Wednesday 30 March 2011

“EU To Ban Cars From Cities by 2050”

So ran the headline to a story in the Daily Telegraph about Siim Kallas, the EU transport commissioner, who said that fighting the rise of greenhouse gas emissions would mean “no more conventionally fuelled cars in our city centres…Action will follow, legislation, real action to change behaviour." The Telegraph turned to The Association of British Drivers (“For drivers who can THINK for themselves”) for its considered view on the proposal, which it dubbed as “economically disastrous and a "crazy" restriction on mobility.” Spokesman Hugh Bladon reportedly went on to say "I suggest that he (Kallas) goes and finds himself a space in the local mental asylum…If he wants to bring everywhere to a grinding halt and to plunge us into a new dark age, he is on the right track. We have to keep things moving. The man is off his rocker."

How sad, and predictable, that the Telegraph did not get a comment from someone who might a) have agreed that transport in our cities is a problem b) that solving it will need measures to constrain the growth of private motor traffic and c) that it could be a major step to making our cities better. Instead, as always with measures that seek to constrain the growth of traffic, the frame was about taking away the rights of the motorist. Behavioural economics shows that framing something as a loss (taking away the right to drive your car in a city) plugs into our loss-aversion. Studies on loss aversion show that we get about twice as much unhappiness from a loss as we get happiness from an equivalent gain – losing £10, means that you’ll need to find £20 to get back to the same level of happiness. So when a policy involves a loss, policymakers need to emphasise the benefits.

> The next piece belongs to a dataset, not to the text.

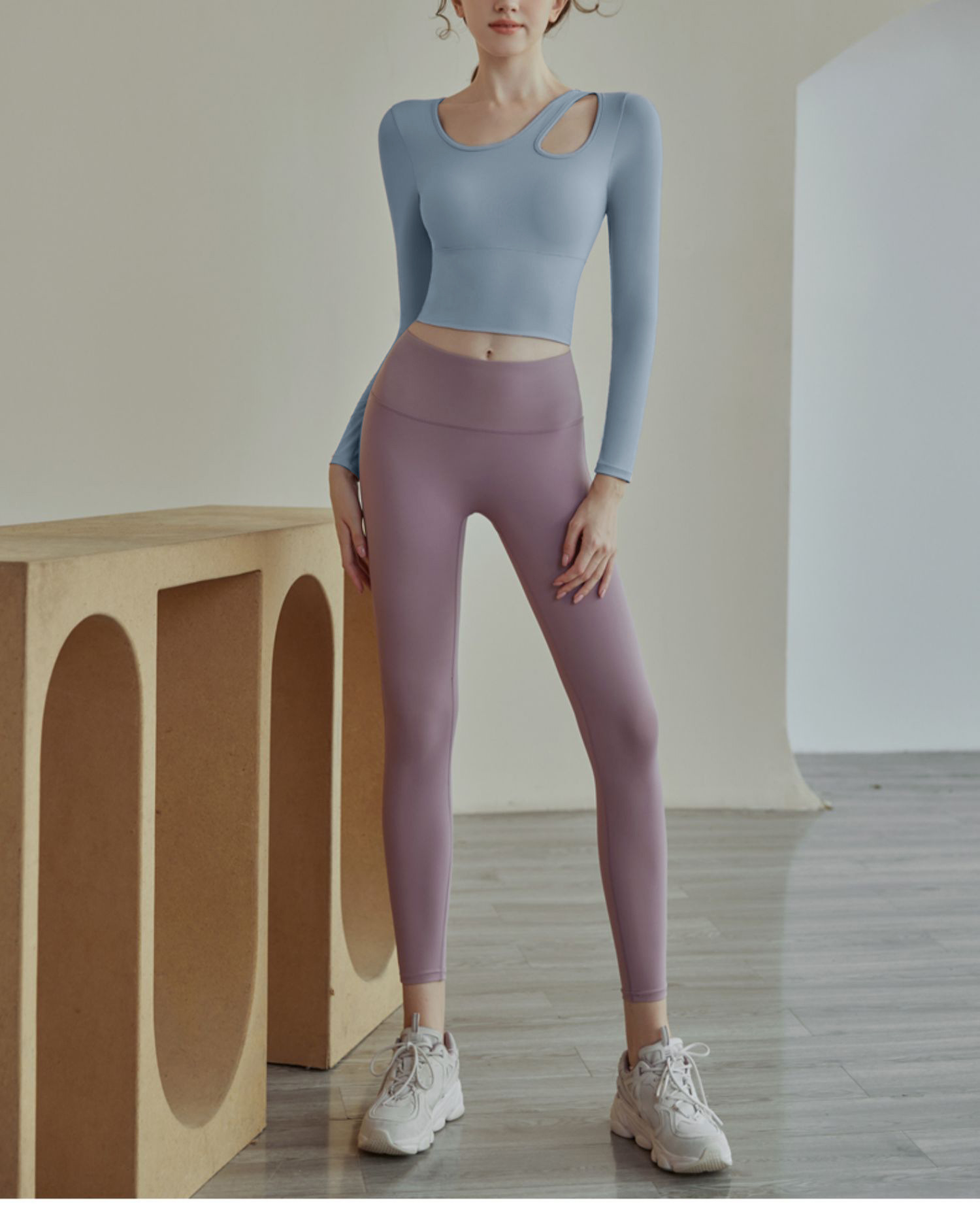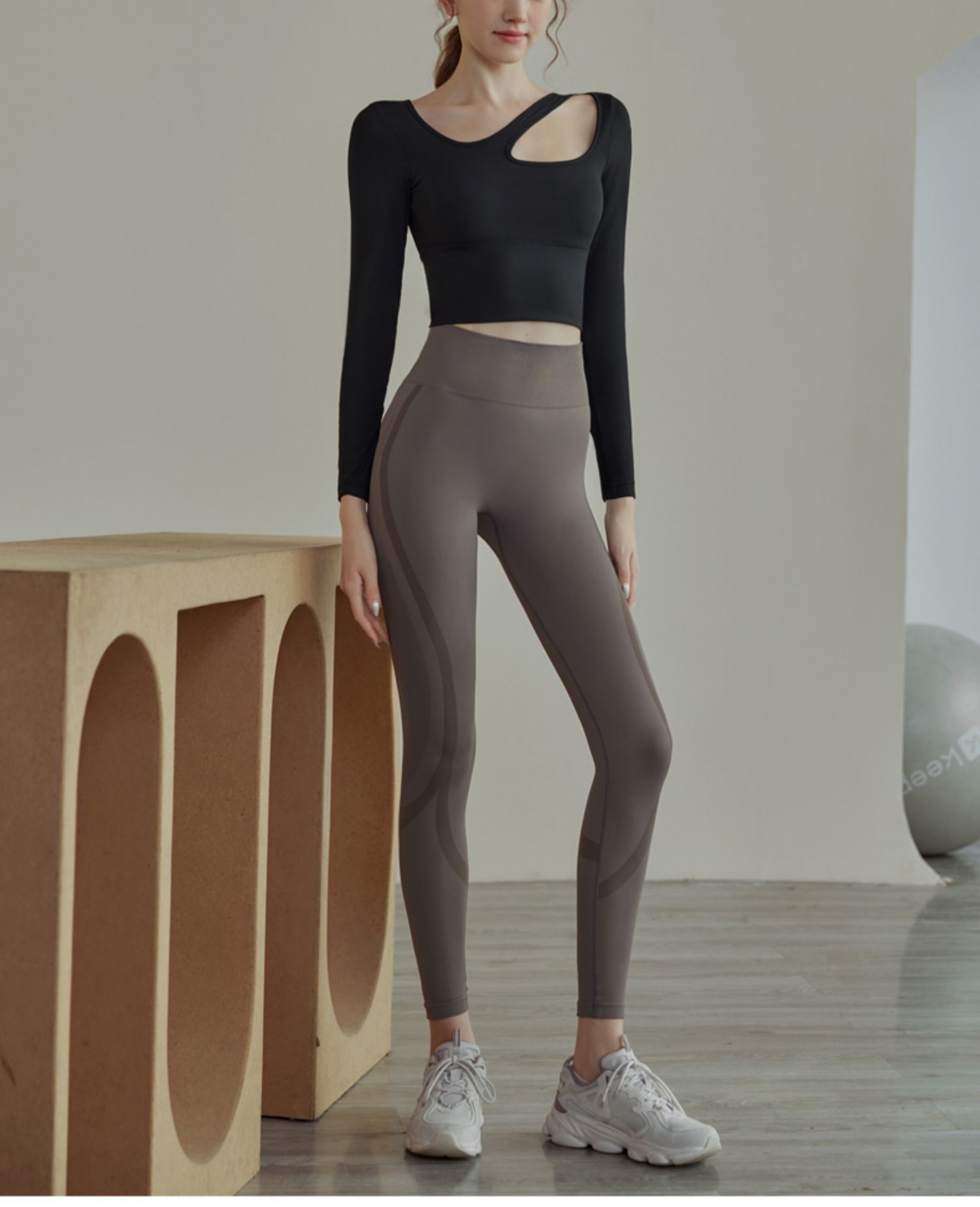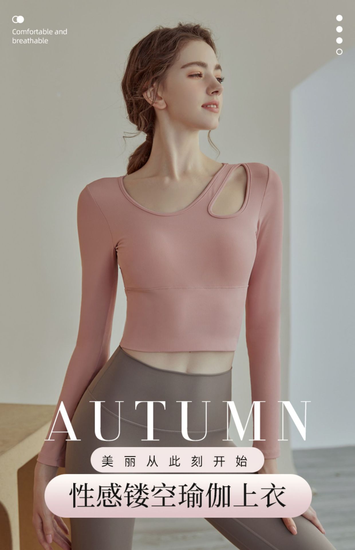 크로스 보더 스포츠 피트니스 긴팔 티셔츠 여성용 유럽 및 미국 러닝 체육관 스트레치 속건 스타킹 요가 의류 탑

And the benefits will need to be around double the value of the loss. In the case of curbing cars, this should be easily demonstrated, since it means that we’d get better cities, cities that are lively, healthy, attractive, sustainable and safe – cities which improve people’s quality of life, cities which are on a human scale, cities that are open to different activities and possibilities, ensuring multiplicity and diversity. A couple of days ago in London, the idea that There Is An Alternative (to public spending cuts) got around a quarter of a million people onto the streets, highlighting along the way how we might re-imagine our cities. It’s time that well-intentioned (?) but bureaucratic law-making machines like the EU began to apply some of what we know about behavioural economics to help get the message across. As those of us who live Outside The Box already know, cities are for people, not just cars.